Linde Intermediate Holding AG has confirmed its intent to resolve the transfer of shares held by minority shareholders of Linde AG as the next step in its mega-merger with Praxair.
Linde Intermediate is an indirect 100% subsidiary of the newly formed Linde plc, the parent company formed by the $90bn business combination between Linde AG and Praxair, Inc.
Following completion of the business combination in the last seven days, Linde Intermediate holds approximately 92% of the shares in Linde AG.
With the remaining 8% of shares held by shareholders that opted against tendering as part of the merger, Linde Intermediate now needs to resolve the transfer of these shares.

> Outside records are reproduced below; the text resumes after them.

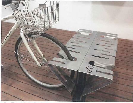
ベンチとして座ることができ、かつ自転車も止められる「SitBike」
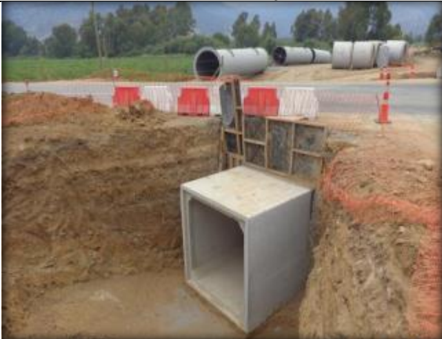
Colocación de cajón, canal de descarga a sifón, Ruta I-72.
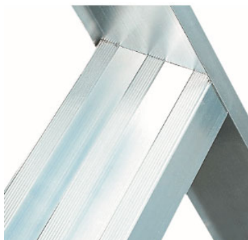
gradino profondo 83 mm
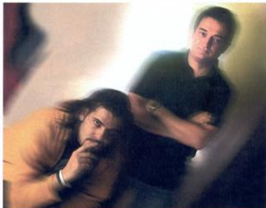
"UN 'SET' NO VAS A PADECERLO, VAS A DISFRUTARLO".

R. "Eso va con la filosofía que te he dicho antes; las cosas se hacen para disfrutar. Grabamos el videoclip y nos lo pasamos fabulosamente; estábamos los tres disfrutando enormemente... Incluso grabando. Las cosas no se hacen para aparentar".
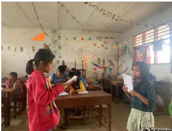
Gambar 5. Proses Pembelajaran di kelas 4
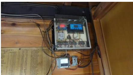
コントローラー交換
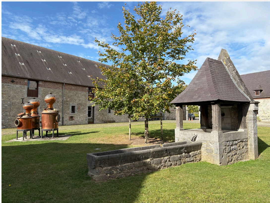
Distillerie de Biercée, Thuin.
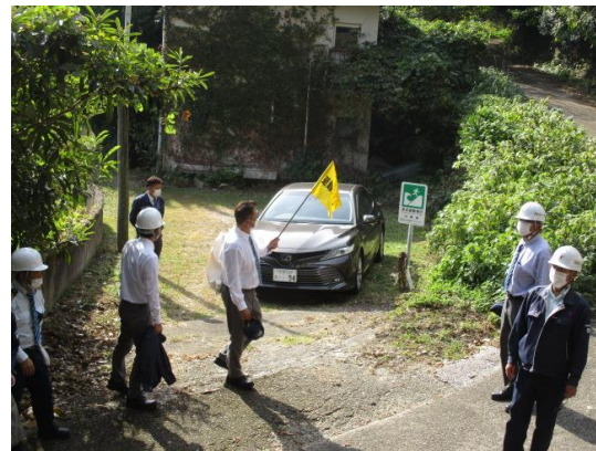
指定避難場所：全員無事到着できたことを 確認。

It has therefore submitted a request to the Executive Board of Linde AG – pursuant to section 62(1) and (5) of the German Transformation Act (UmwG) in conjunction with sections 327a et seqq. of the German Stock Corporation Act (AktG) – to convene an extraordinary shareholders’ meeting of Linde AG to resolve the transfer of the shares held by the minority shareholders of Linde AG to Linde Intermediate against adequate cash compensation.

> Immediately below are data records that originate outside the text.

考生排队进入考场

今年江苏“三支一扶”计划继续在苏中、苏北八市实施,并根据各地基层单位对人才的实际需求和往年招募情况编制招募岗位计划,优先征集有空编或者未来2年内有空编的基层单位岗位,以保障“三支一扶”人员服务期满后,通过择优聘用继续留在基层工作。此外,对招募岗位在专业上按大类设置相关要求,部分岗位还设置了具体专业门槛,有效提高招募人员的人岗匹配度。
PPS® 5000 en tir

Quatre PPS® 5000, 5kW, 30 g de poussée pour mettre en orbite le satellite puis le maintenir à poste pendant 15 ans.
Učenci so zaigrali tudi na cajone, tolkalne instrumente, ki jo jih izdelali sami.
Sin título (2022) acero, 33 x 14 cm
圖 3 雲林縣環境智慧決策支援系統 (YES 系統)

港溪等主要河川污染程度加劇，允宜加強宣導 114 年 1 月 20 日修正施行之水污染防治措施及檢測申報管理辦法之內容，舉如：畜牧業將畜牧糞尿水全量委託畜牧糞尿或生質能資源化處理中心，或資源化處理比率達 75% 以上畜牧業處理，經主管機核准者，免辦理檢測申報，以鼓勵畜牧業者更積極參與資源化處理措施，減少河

This ‘squeeze-out’ as it is known, will see Linde Intermediate pay cash compensation per Linde AG share of €188.24, thereby confirming the amount of the anticipated cash compensation previously announced on 15th October 2018.

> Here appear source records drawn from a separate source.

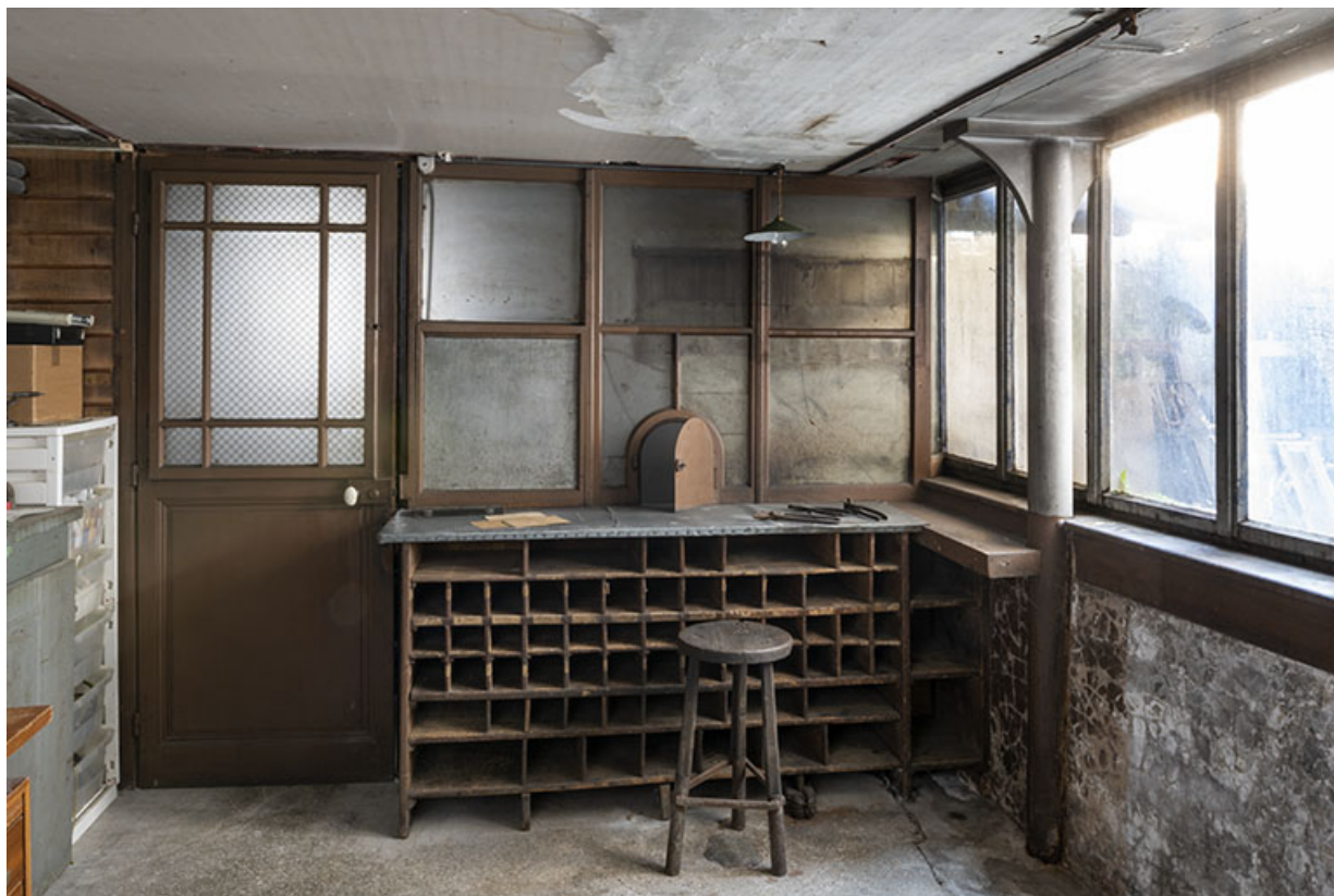
Bâtiment au 2 rue du Chêne, étage de soubassement (magasin industriel) : guichet pour la paie des artisans. 25, Montécheroux
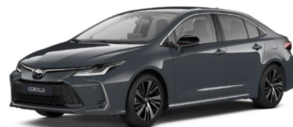
1M2 Sivá – búrková Metalický lak 650 €
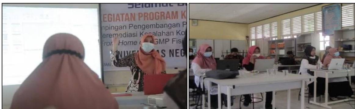
Gambar 2. Pembekalan Materi Program Resitasi Interaktif dan Demonstrasi Penggunaannya

Tahapan terakhir adalah tahap konfirmasi yakni pengumpulan data terkait pendapat peserta terhadap kegiatan pendampingan yang dilakukan. Pengumpulan data dilakukan melalui pemberian angket kepada peserta sebagai evaluasi dari kegiatan yang dilakukan. Berdasarkan evaluasi dan pengumpulan data yang dilakukan, diperoleh data bahwa kegiatan PKM ini dapat
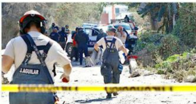
■ Bomberos extrajeron el cuerpo y lo entregaron al Semefo.

En avanzado estado de descomposición fue localizado el cadáver de un hombre durante la tarde de ayer, en Tlaquepaque.
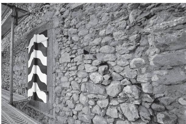
6 Cure de Goumoëns-la-Ville, façade sud-ouest. A droite de la fenêtre (1832), maçonnerie supposée du XIV e siècle avec la pente du toit et, au-dessus, maçonnerie du XVI e siècle.

envergure, elle est probablement antérieure au rachat de la maison puisqu'elle n'est pas mentionnée dans les sources qui concernent la cure. Compte tenu également de la typologie des ouvertures, nous situons donc cette étape entre le début et le milieu du XVIII e siècle.
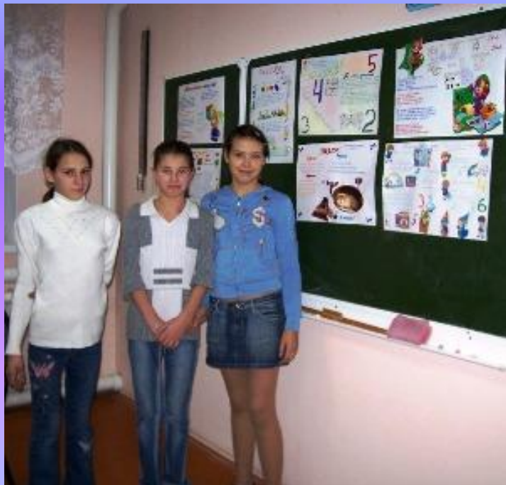
Редколлегия 6 класса
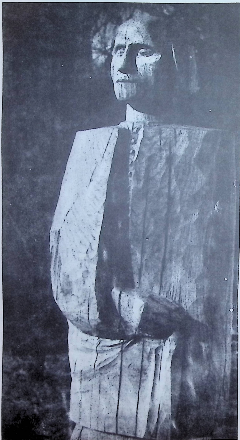
Kós András: Apáczi

tikmonyhéj = tojásbéj sóp = szekérszín, félser szívu = szíj seregélymadarak = seregélyek dészü = széles bőrv
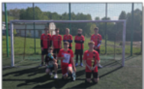
Drużyna piłki nożnej

Tydzień 13 – 17 maja 2024 r. to wyjątkowy tydzień tego roku szkolnego.

The court-appointed auditor has confirmed the adequacy of the determined cash compensation.
On such basis, following the approval by the Linde AG Supervisory Board, the Executive Board of Linde AG yesterday entered into a merger agreement with Linde Intermediate pursuant to which Linde AG transfers all of its assets as a whole with all rights and obligations to Linde Intermediate by dissolution without liquidation according to sections 2 no.1, 60 et seqq. of the German Transformation Act (merger by means of absorption).
The merger agreement contains the statement pursuant to section 62(5) sentence 2 German Transformation Act that a squeeze-out of the minority shareholders of Linde AG as the transferring entity shall occur in the context of the merger.
Linde AG intends to convene an extraordinary shareholders’ meeting for 12th December 2018 to resolve on the transfer of the shares held by the Linde AG minority shareholders.
The effectiveness of the cash merger squeeze-out is still subject to the resolution by the Linde AG shareholders’ meeting and the registration of the transfer resolution and the merger in the commercial registers at the seats of Linde Intermediate and Linde AG.